[Opening EXERCISE DATA section]

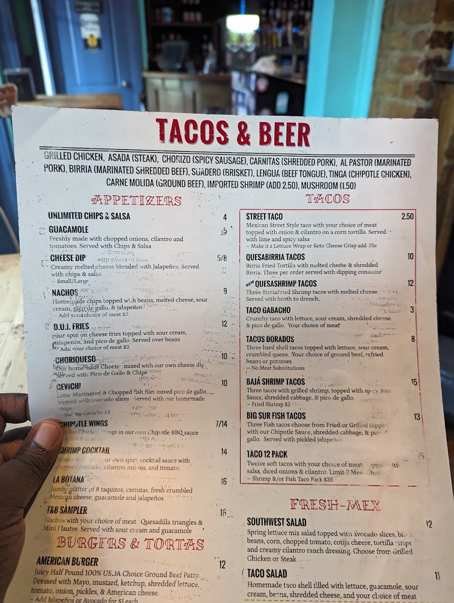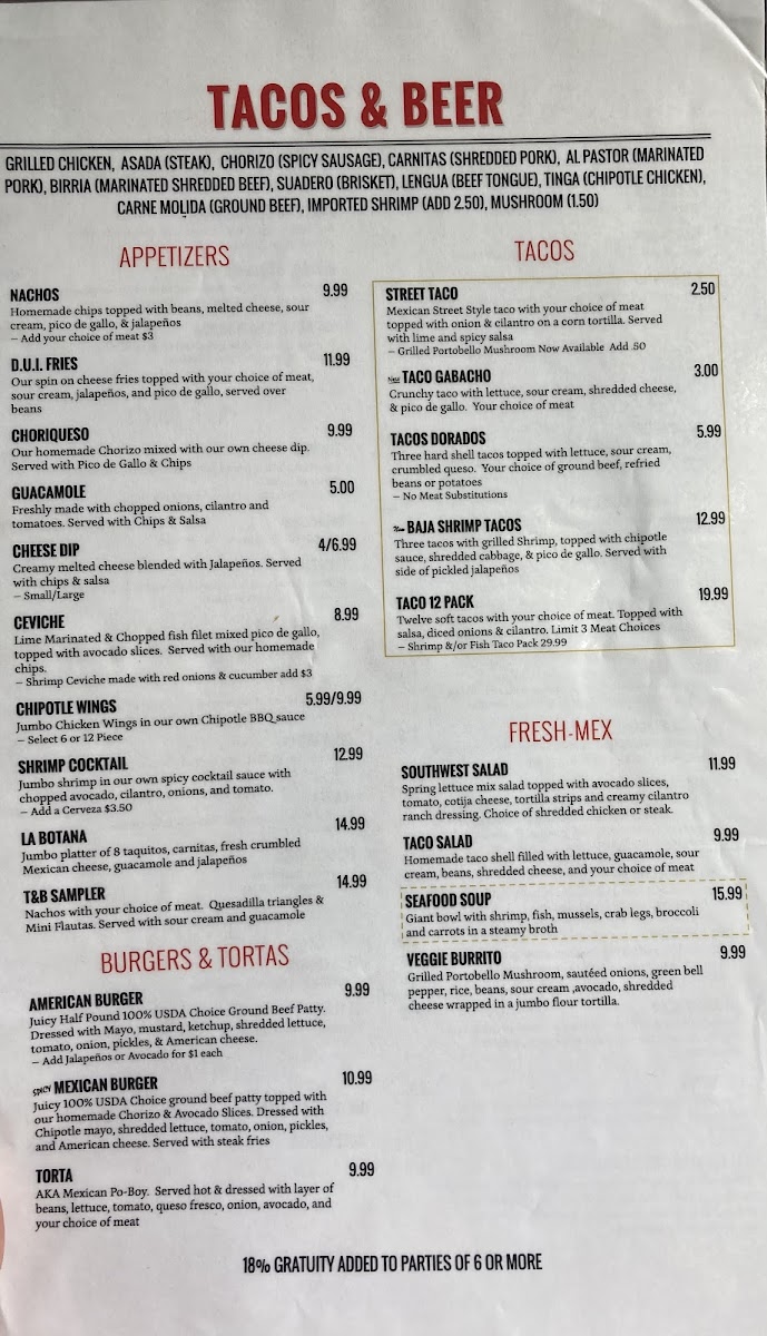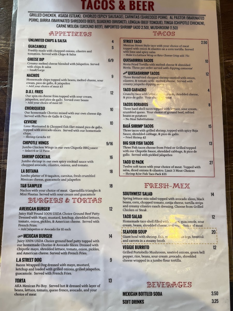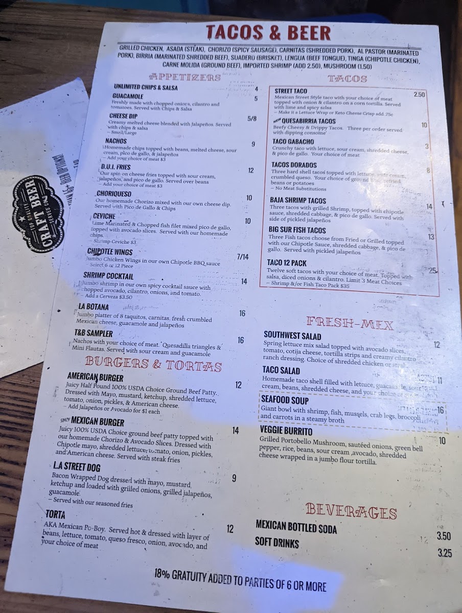 The menu at Tacos & Beer offers a straightforward, casual dining experience centered on comforting Mexican flavors and easygoing bites. It’s the kind of place where the focus is on well-prepared street tacos, classic plates, and refreshing drinks that fit naturally into lively yet relaxed gatherings.
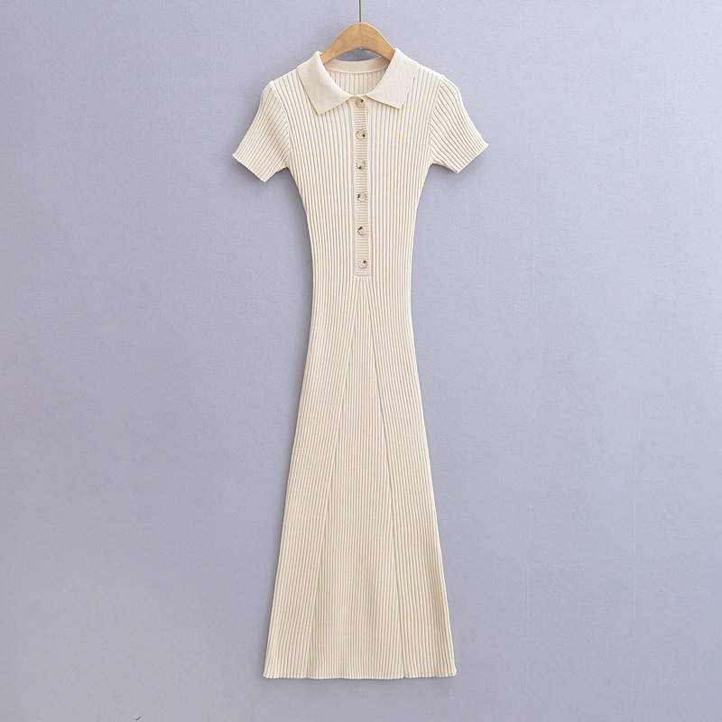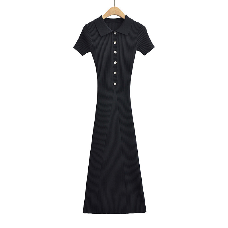纯欲Polo翻领短袖鱼尾连衣裙女2025夏季美式辣妹修身包臀针织长裙
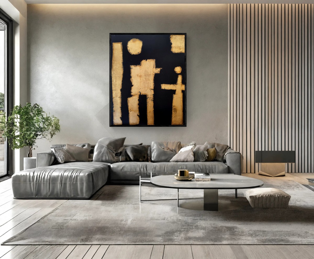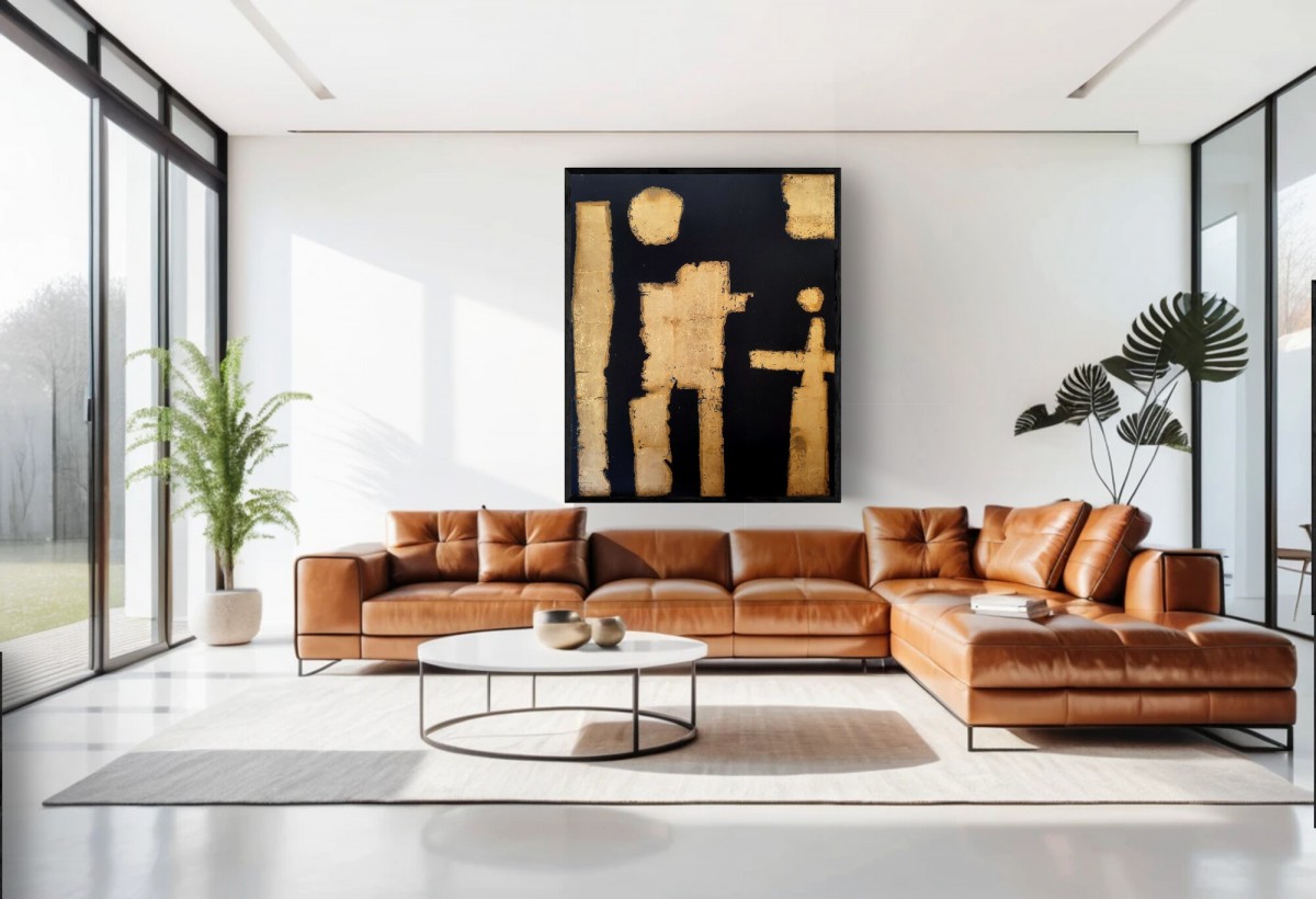 Grande peinture à la feuille d'or et acrylique sur toile, format 80/100 cm .
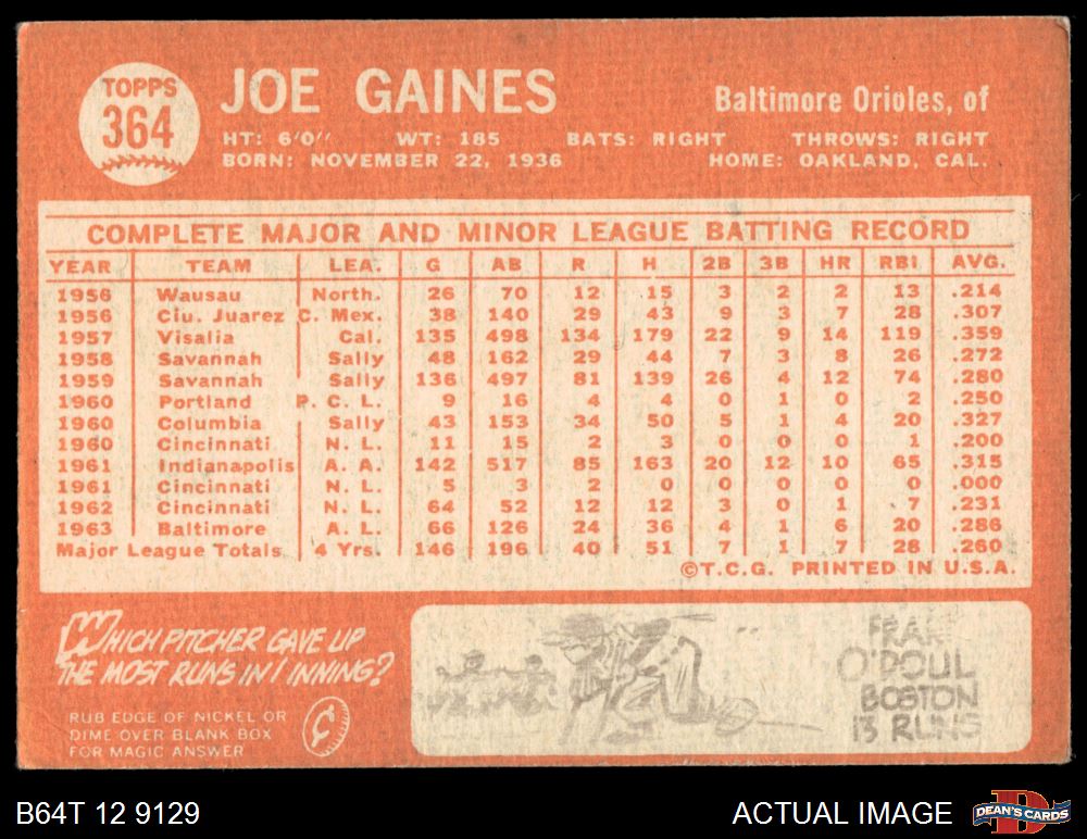1964 Topps #364 Joe Gaines 3 - VG
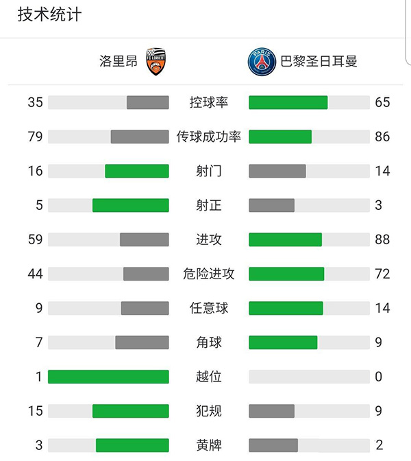 查看:洛里昂vs巴黎圣日耳曼 全场录像技术统计:
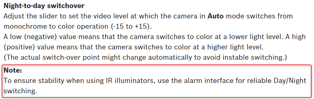 - Cameras are outdoor, for example next to a highway or road and headlights causing the camera to switch to Day-Mode
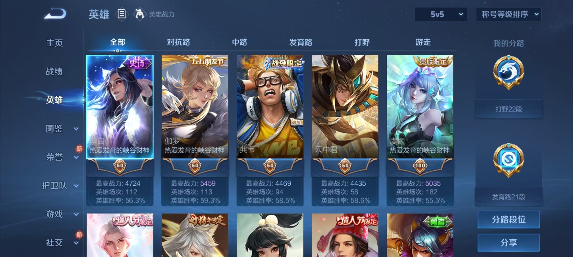 - PX_2104490-实名: 可修改 贵族等级: V4 英雄数: 97 皮肤数: 82 珍品传说: 大耳狗之梦 星传说: 未来机甲 传说皮: 末日机甲-孙尚香,音你心动-小乔 限定皮: 至美·乘鲤谣,鸣野蒿
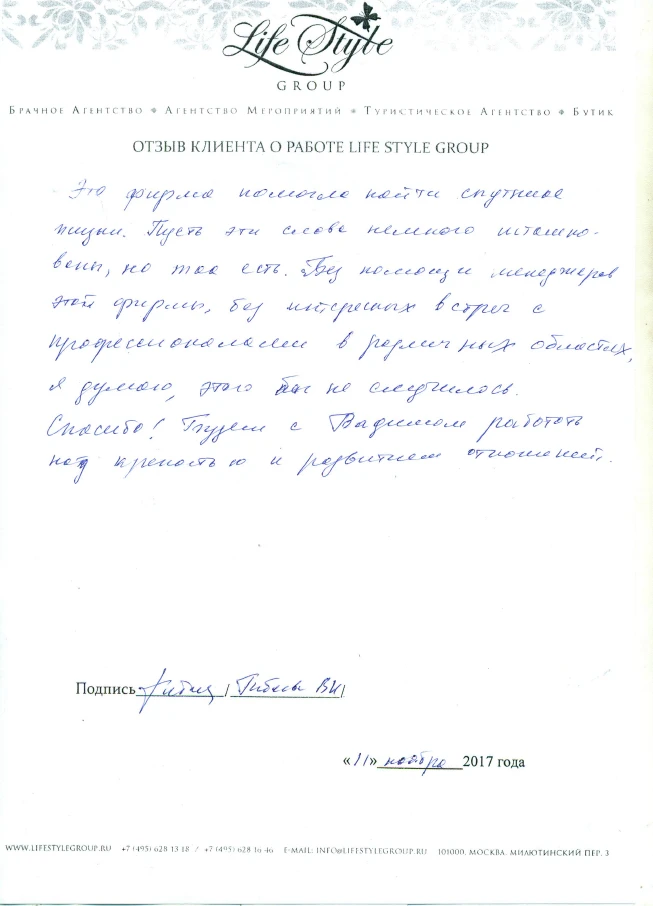 Life Style Group – современная компания свадебной индустрии, отличающаяся от существующих служб знакомств и брачных агентств, собственными эффективными методиками и технологиями, созданными на основе российского и международного опыта в области семейной психологии и коучинга, детальным анализом запросов каждого Клиента и современного рынка услуг, регулярным контролем качества и динамичностью, а также строгой приверженностью к высокими стандартам сервиса, которые позволяют нам быть впереди и превосходить ожидания Клиентов!

[Closing EXERCISE DATA section]

» **AIM OF THE TASK**:
Quote the records above exactly, from the first line through the line containing "Grande peinture à", and leave out the pictures.

» **ANSWER SPACE**:
 The menu at Tacos & Beer offers a straightforward, casual dining experience centered on comforting Mexican flavors and easygoing bites. It’s the kind of place where the focus is on well-prepared street tacos, classic plates, and refreshing drinks that fit naturally into lively yet relaxed gatherings.
纯欲Polo翻领短袖鱼尾连衣裙女2025夏季美式辣妹修身包臀针织长裙
 Grande peinture à la feuille d'or et acrylique sur toile, format 80/100 cm .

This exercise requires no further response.